Ma poniamo un esempio molto reale che a volte ha affrontato fratelli cristiani devoti:

Una bella famiglia si è convertita a Cristo da una setta del settimo giorno, alla quale erano affiliati per un certo numero di anni, e nella quale erano coinvolti più che superficialmente. Sono studenti onesti e devoti delle Sacre Scritture, e imparano presto che la legge di Mosè, con i suoi obblighi del sabato, non è in vigore oggi. Sono convinti di questo e sono in grado di argomentare questo caso in modo ammirevole.

Hanno un paio di problemi, tuttavia. Semplicemente non possono sentirsi a proprio agio nel fare lavori di giardinaggio il sabato; per lunga abitudine, preferiscono riservare il giorno allo studio della Bibbia o ad altre attività principalmente spirituali. Dovrebbero essere ridicolizzati se lo scelgono? Se preferiscono non partecipare a una partita di pallone o a qualche altra attività ricreativa il settimo giorno della settimana, non dovrebbero essere amati e rispettati?

E se è il caso che non possono in buona coscienza, a un pranzo al sacco della chiesa, prendere parte al prosciutto al forno di qualche sorella, o al piatto di pesce gatto fritto di uno sportivo? Le loro abitudini alimentari di lunga data non possono essere considerate con onore, piuttosto che qualcuno suggerisca quanto sia “sciocca” tale astinenza?

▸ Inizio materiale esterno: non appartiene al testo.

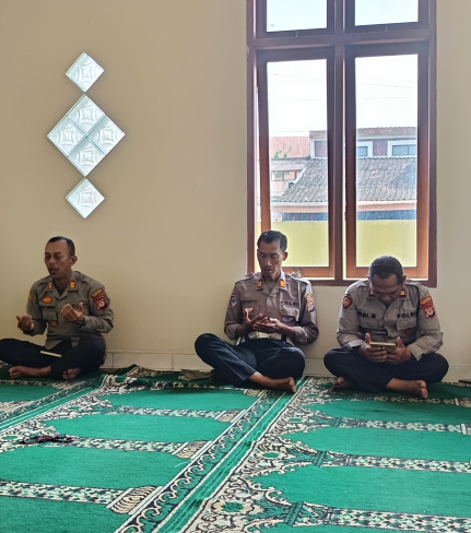 Personel Polsek Piyungan melaksanakan kegiatan pembinaan rohani dan mental (Binrohtal) di ...
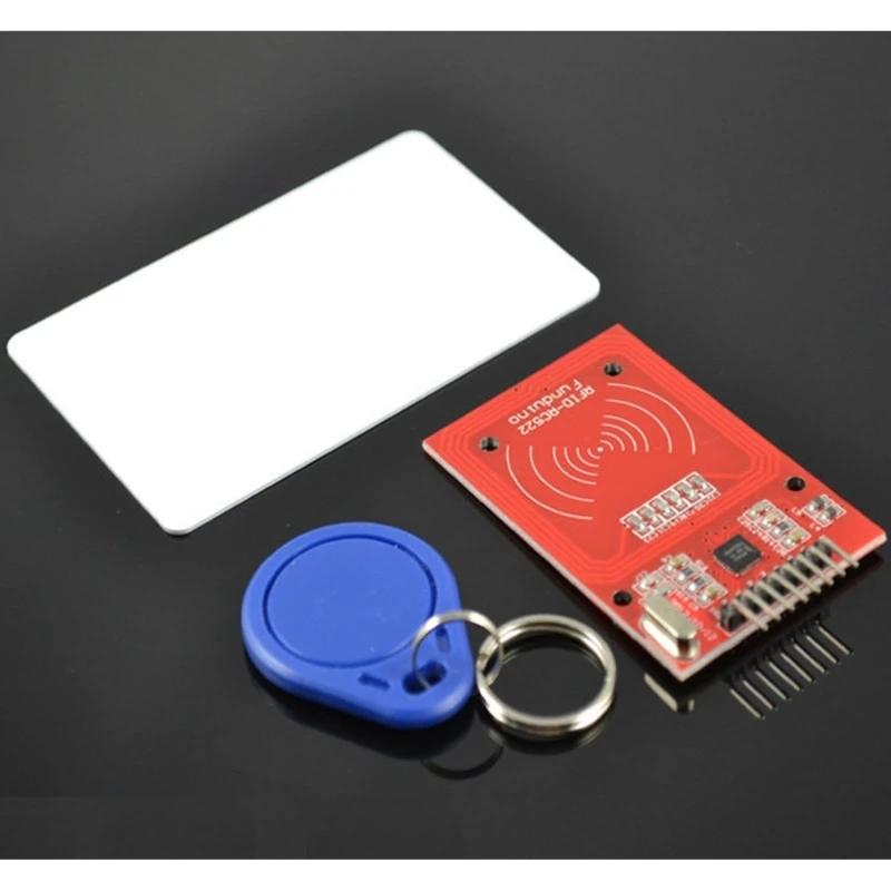 Paket vključuje modul RFID-RC522, standardno prazno IC kartico S50, posebno kartico v obliki obeska za ključe in ravni ter ukrivljeni pin header za povezavo.
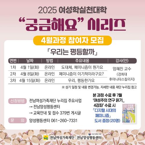 [½Åµ¿¾Æ¹æ¼Û Àü³²±¤ÁÖ=¹Ú±¤¿Á±âÀÚ] Àü³²¿©¼º°¡Á·Àç´ÜÀº ¿©¼ºÁÖÀÇ¿¡ ´ëÇÑ ÀÌÇØ¸¦ È®ÀåÇϰí, ÀÏ»óÀÇ ¼ºÆòµî ½ÇÇöÀ» ´Ù¾çÇÑ ¹æ¹ýÀ¸·Î ¸ð»öÇÏ´Â ¡°2025 ¿©¼ºÇнÇõ´ëÇС±À» 4¿ù 1ÀÏ(È­) 19½Ã ¿Â¶óÀÎÀ¸·Î °³°­ÇÏ¿´´Ù. ❏ ¿©¼ºÇнÇõ´ëÇÐÀº 7³â° ¿î¿µÇÏ´Â °úÁ¤À¸·Î,¡¦
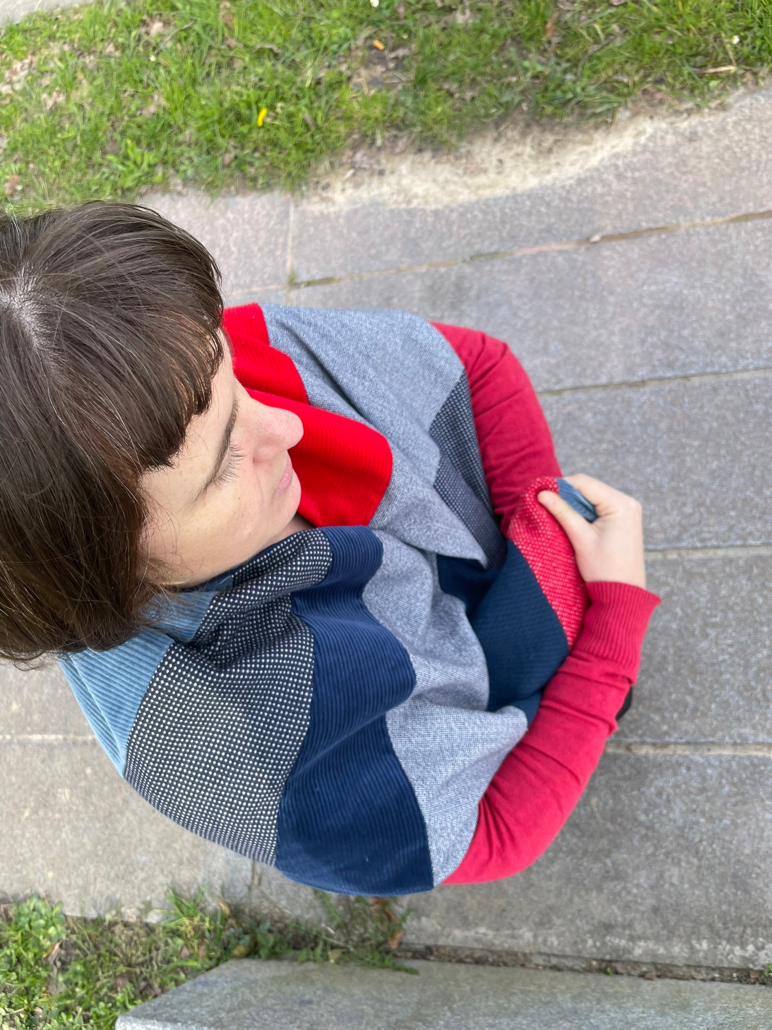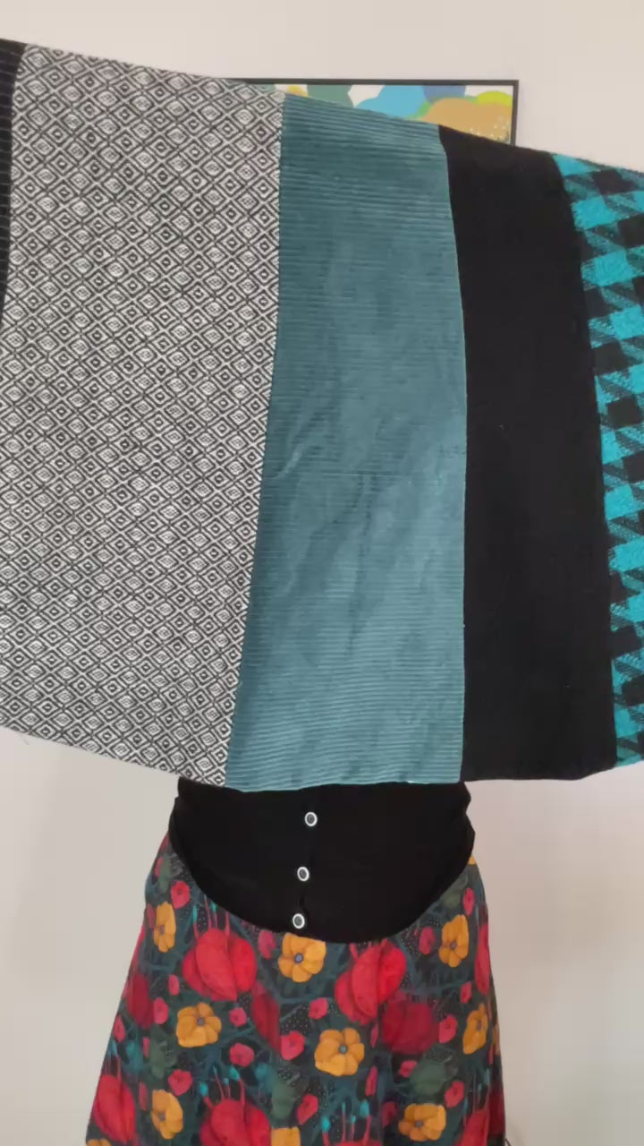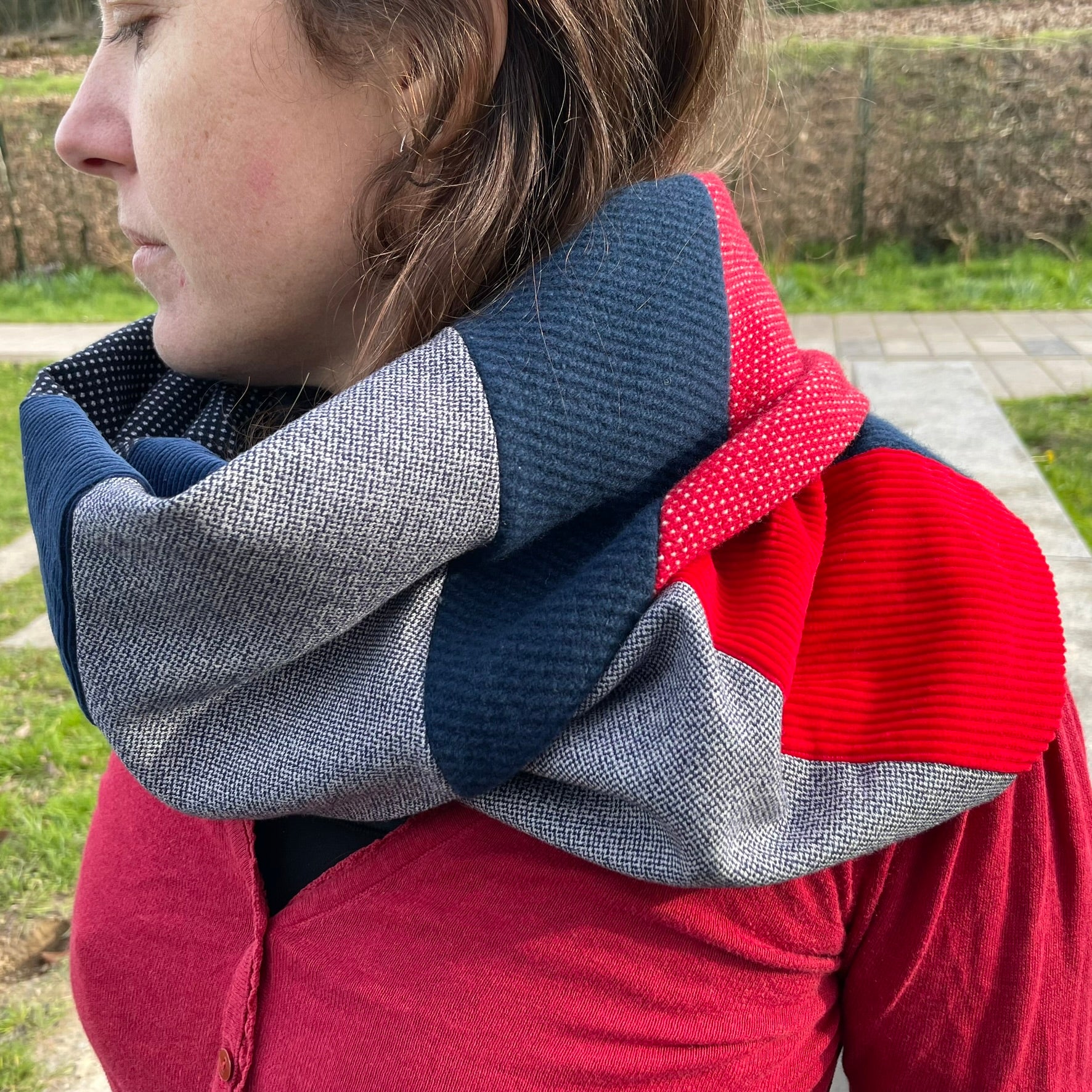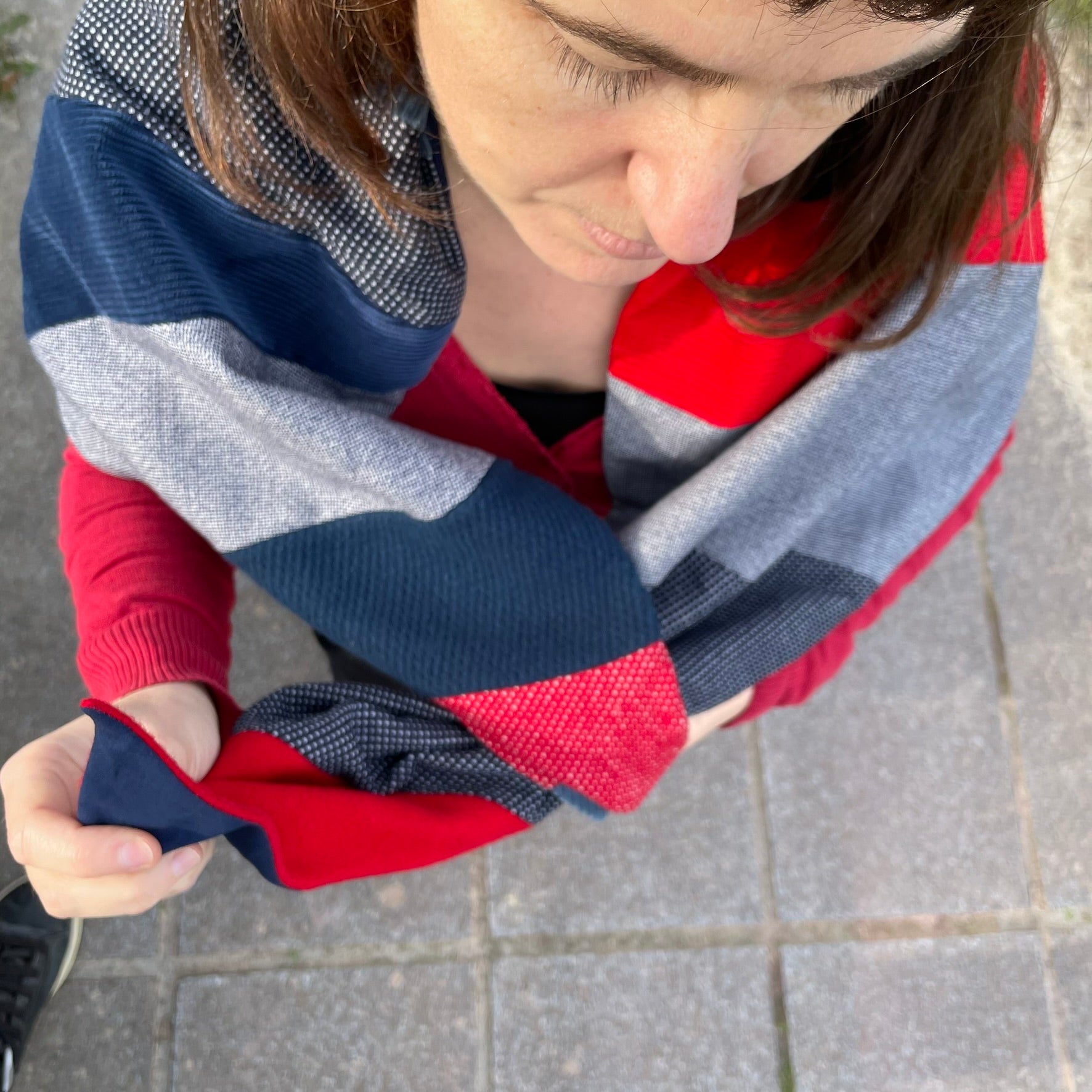 Modèle dans les tons bleus et rouge, il peut être porté de différentes manières : sur les épaules, autour du cou, en capuchon...
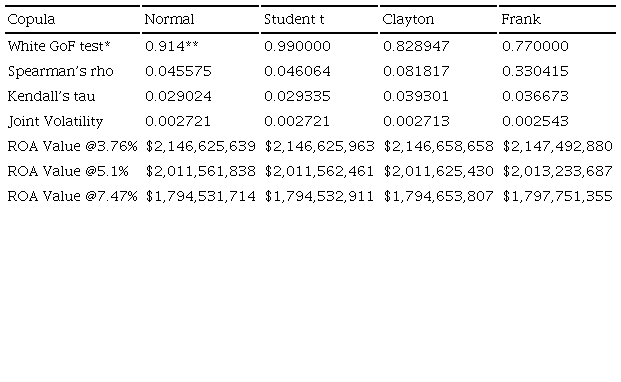 It is observable that in all cases the probability indicates that we are in the no-rejection area, thus accepting the null hypothesis that the copula fits the data. According to the Vuong and Clarke GoF tests, the Normal copula outperforms all others fitting the provided data. It is interesting to discern that, even though Normal and Student’s t copulas do not capture tail dependence, their results are very similar to that of the Clayton copula (when variables exhibit dependence in the lower tail). Both cases yield a positive net present value when considering the ROA valuation, indicating that the project should be accepted. The case of the Frank copula is also peculiar because the strongest dependence is located in the middle of the distribution and, therefore, is known to be better suited for margins that exhibit weak tail dependence, which seems to be the case with the selected underlying assets. When using the results of this copula, the valuation is slightly bigger than with the former three.

La protezione delle coscienze dei deboli è di gran lunga più importante che placare le critiche insensibili dei loro fratelli farisaici che tentano di strappare i moscerini mentre i cammelli sono conficcati nelle loro gole “ortodosse”.

Conclusione

Possa Dio aiutare ognuno di noi ad inalare i fragranti vapori di Romani 14, a digerire i principi di questa magnifica narrazione, e quindi essere disposti a spogliarci delle nostre meschine inclinazioni di interesse personale per il fine ultimo di una più grande popolazione in cielo. Il motto del cristiano dovrebbe essere: “Compassione senza compromessi”.